Any insight would be appreciated.


----------



## chrisn (Jul 15, 2007)

I do not think Gardz is labeled for nicotine:no:


----------



## CliffK (Dec 21, 2010)

Gardz will not hold back the nicotine


----------



## Jmayspaint (Mar 26, 2013)

I would think zinzer cover stain would be easier to apply than bin and would hold the smoke stains. Smoke stain also seems to be the one thing kilz original is good for. (Zinzer is much better IMO)


----------



## toomuch (Jan 28, 2010)

Agreed Gardz will not take care of the nicotine. So should I be trying to hit the skimmed portions and patches with Gardz and the orginal plaster sections with BIN? 


Do I risk flashing by priming with different primers?


----------



## Jmayspaint (Mar 26, 2013)

toomuch said:


> Agreed Gardz will not take care of the nicotine. So should I be trying to hit the skimmed portions and patches with Gardz and the orginal plaster sections with BIN?
> 
> Do I risk flashing by priming with different primers?
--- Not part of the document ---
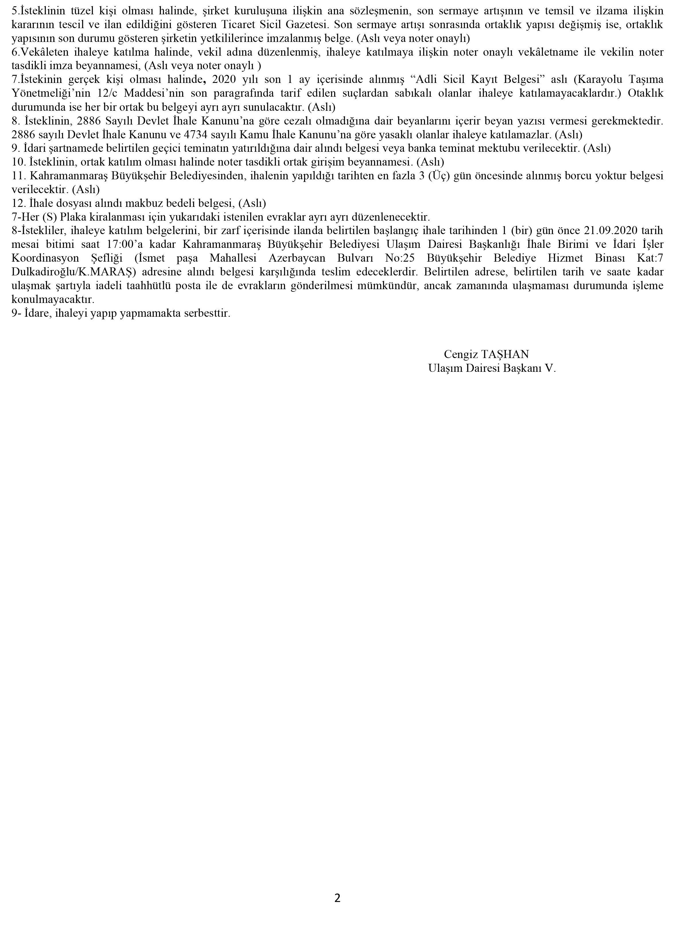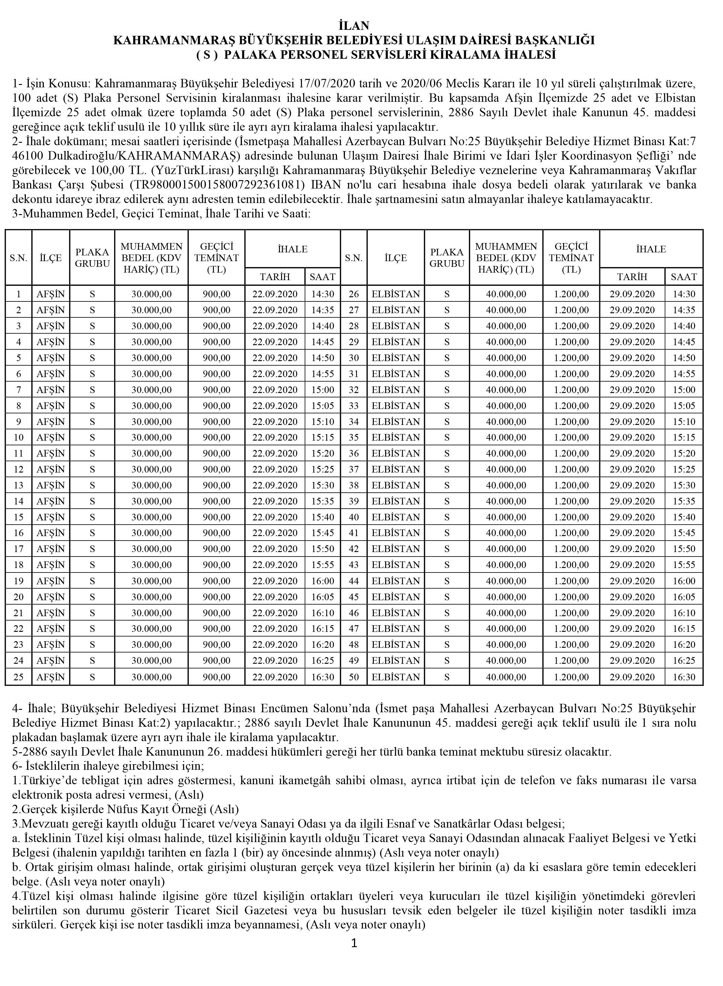 Kahramanmaraş Büyükşehir Belediyesi 17/07/2020 tarih ve 2020/06 Meclis Kararı ile 10 yıl süreli çalıştırılmak üzere, 100 adet (S) Plaka Personel Servisinin kiralanması ihalesi

I have had flashing occur from spot priming with bin. We always go over it with cover stain before finishing or just prime solid with bin. It will make a shiny spot in finish


----------



## modernfinish (Mar 20, 2013)

Zinser bullseye 1-2-3 is what I like to use . But b-I-n will work , use either of those to prime entire room /nasty nicotine . Waterbase kilz will work as well . Use whichever is cheapest


----------



## ReNt A PaInTeR (Dec 28, 2008)

I've had good luck with Kilz Odorless, Just make sure you strain your primer.


----------



## toomuch (Jan 28, 2010)

Has anyone used BIN over a skim coat of lightweight mud and experienced any issues. I would hate for it to bubble!


----------



## modernfinish (Mar 20, 2013)

toomuch said:


> Has anyone used BIN over a skim coat of lightweight mud and experienced any issues. I would hate for it to bubble!


Yes and it will be fine


----------



## kdpaint (Aug 14, 2010)

Used to do BIN over skim coats of ez sand all the time. It never bubbled.


----------



## Craftworks (Apr 2, 2013)

Bin is king thats all . Enamelac was a good old product in the day .All those products are as old as the hills know for there ability as a vapor barrier . My father fixed a gas tank leak when i was a kid with it.


----------



## propainterJ (Jan 31, 2011)

Shellac is the way to go sprays and dries so much faster then oil,prime completelythough,it will flash if spotted


----------